With the business hoping to generate RMB1.94 billion in project sales to other third parties this year, GCL expects to have 114 solar projects left, with a total generation capacity of 2.8 GW, going into 2022.
It remains to be seen what effect the long-trailed transformation to an “asset-light” business will have on GCL New Energy, given last year's project sales drove a fall in revenue from the RMB6.05 billion banked in 2019, to RMB4.94 billion. That added up to a loss of RMB1.37 billion last year, after a RMB295 million ($45 million) profit in 2019.
The GCL annual report stressed no demand had been received regarding payment of the RMB4.54 billion it is in cross-default of and a planned reorganization which involves the issue of replacement senior notes for the defaulted investments has been approved by 91.85% of the note holders. GCL hopes to submit the paperwork for the debt restructure to the Court of Bermuda–where the company is registered for tax purposes–this month and expects to rubber-stamp the exercise “by June.”
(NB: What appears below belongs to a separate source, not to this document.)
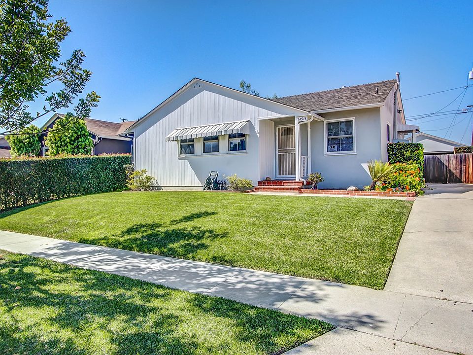 Charming and Inviting home located mid-block on a quiet street in the highly desirable Hawthorne neighborhood of Bodger Park. With 1,233 square feet of living space, this home boasts 3 bedrooms and 2 bathrooms and has natural light throughout. Inside the home are three good sized bedrooms, an open living/dining area and a spacious kitchen with plenty of cabinets. 2 bedrooms including the master have natural hardwood floors and there is fresh interior paint throughout. The master bedroom has a private bathroom and laundry room. Dual pane windows throughout. The beautifully landscaped home is situated on a large lot with a comfortable patio for entertaining and a manicured green yard. There is a nice driveway with a gate to park multiple cars. Detached two-car garage with a sectional door. Centrally located to schools, shops, El Camino College, the 405 Freeway, and less than 5 miles to the beach, this is the one you have been waiting for. Lowest price home in Bodger Park, needs a little TLC. Will not last. Sold as is!

For now, chairman and president Zhu said, the company “will accelerate the disposal of solar power plant assets and enhance co-operation with central enterprizes and state-owned-enterprizes strategic investors.”
The GCL chief added: “Last year, there were times we felt frustrated and confused, but we never retreated.”
Trade in GCL shares was suspended on Thursday as the company missed the March 31 deadline for publishing the annual accounts. Thursday's report stated GCL expects to resume trading in its stock tomorrow.